Health Plan Discrimination Prohibited
Up until the passing of the Affordable Care Act (ACA), fully insured plans enjoyed protection from the non-discrimination rules under IRS Code 105(h). Now, beginning on or after September 23rd, 2010, the ACA makes non-grandfathered fully insured plans subject to the rules under Section 105(h), rules that self-funded plans have been subject to for many years.
Which fully insured plans does this apply to?
The rule applies to non-grandfathered fully insured plans only. Grandfathered fully insured plans do not have to comply with 105(h).
What are highly compensated individuals?
"Highly compensated individuals" (HCIs) include three groups of employees:
• The five highest-paid officers of the company;
• Shareholders who own more than 10% of the value of stock of the employer’s stock (not applicable to tax-exempt organizations), and;
• The highest-paid 25% of all employees (with some exceptions, including employees who have not completed three years of service, collectively bargained employees, and part-time employees).
What must a plan do to ensure they are not discriminating in favor of HCIs?
Section 105(h) contains guidance on what practices are considered discriminatory. While not an exhaustive list, among the guidance is the following:
• Benefits provided for HCIs and their dependents must be provided on the same basis for all other participants and their dependents.

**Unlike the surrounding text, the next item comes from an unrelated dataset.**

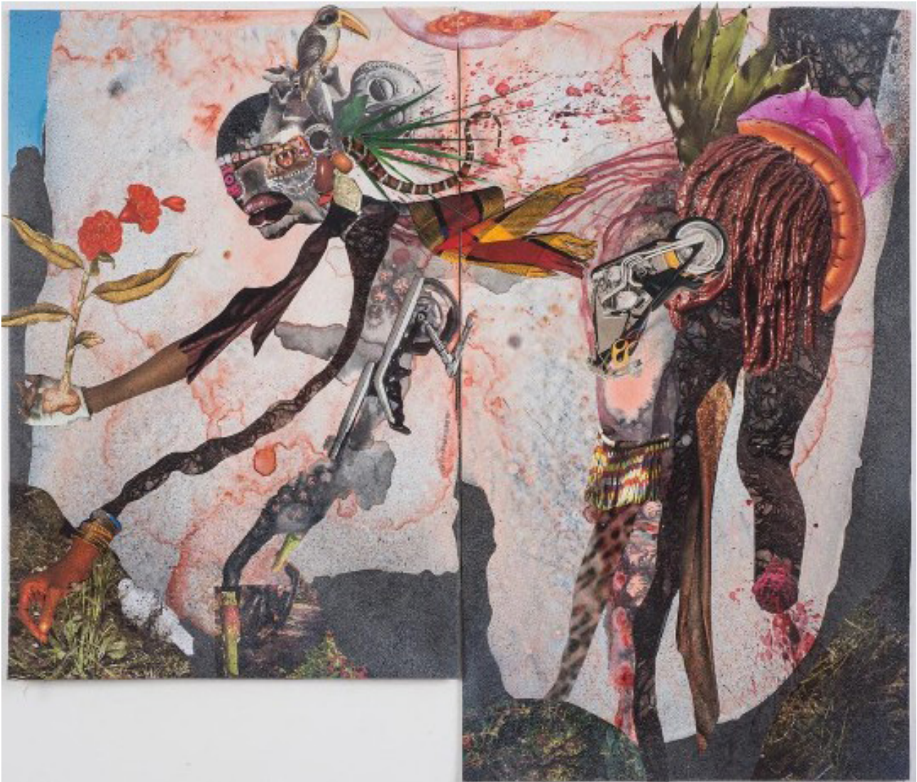
Fig. 6. Wangechi Mutu, The Last Grower , 2015, combining materials (collage-painting) on two asymmetric linoleum canvases. 7.66 * 6.75 cm. Source: Holzwarth, 2003, 182.

At first glance, we feel that the right eye is the same as the snake's head, but as we observe more closely, we can see that Mutu used the collage of the image of a roaring tiger instead of the eye. A red snake is also moving above the figure's head and in the background. A collage of a bird (a parrot belonging to the tropics) can be seen on the head of the figure. In this work, Mutu has also used mechanical devices in two parts of the collage, and the location of these collages refers to the female sexual organs. The background has been painted in most parts using the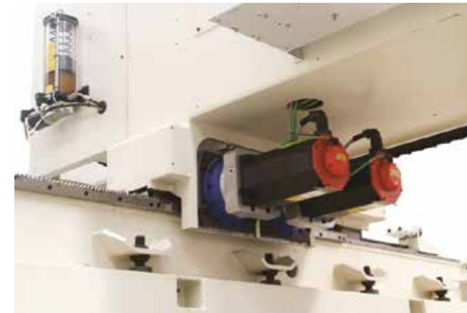
Kinematics with two drive motors on linear axes: backlash recovery, higher rigidity

• Maximum limits attributable to employer contributions must be uniform for all participants and dependents and may not be modified by reason of a participant's age or years of service.
• The type or the amount of benefits subject to reimbursement under the plan cannot be in proportion to employee compensation.
• Plans cannot make being an HCI a requirement for eligibility to participate in a plan.
• Plans cannot offer any benefit that favor HCIs on its face.
• Plans cannot discriminate in favor HCIs in actual operation of the plan. (Whether a plan does this is determined by a "facts and circumstance" test.)
How does the Code determine if a plan is operating in a discriminating manner?
The text of the Code provides several "tests" that can be performed on plans to determine whether or not they discriminate in favor of HCIs. Cammack LaRhette Consulting can arrange for your plans to be tested.
Red Flags: Because the non-discrimination tests are quite complicated, there are many ways in which a plan can run afoul of the non-discrimination rules that are now applicable to non-grandfathered fullyinsured plans. However, the following are a few plan design red flags:
• Basing eligibility for certain plans on compensation levels, shareholder status, or officer status;
• Differences in waiting periods within a plan;
• Treating employees differently within a plan on the basis of age, years of service, or compensation;
• Differences in coverage and employer contribution
What happens if plans are not in compliance?
For self-insured plans, discriminating in favor of HCIs results in much greater tax burdens for the HCIs. However, for fully-insured health plans, violating the non-discrimination provision could mean employer tax penalties amounting to $100 per day per favored HCI and a civil suit brought by the government.
Is there any additional guidance?
Currently, there is no additional guidance. Most recently, the IRS issued notice 2010-63. Essentially a solicitation for public comments, Notice 2010-63, unlike many IRS notices, does not contain any specific guidance. Rather the notice reaffirmed how the ACA modified the Public Health Service Act, ERISA and the IRS Code and closed by stating:
The Department of the Treasury and the IRS are considering issuing guidance on the extension, through section 2716 of the PHSA and new section 9815 of the Code, of the requirements of section 105(h)(2) to insured group health plans. The Department of the Treasury and the IRS request comments on what additional guidance relating to the application of section 105(h)(2) would be helpful with respect to insured group health plans.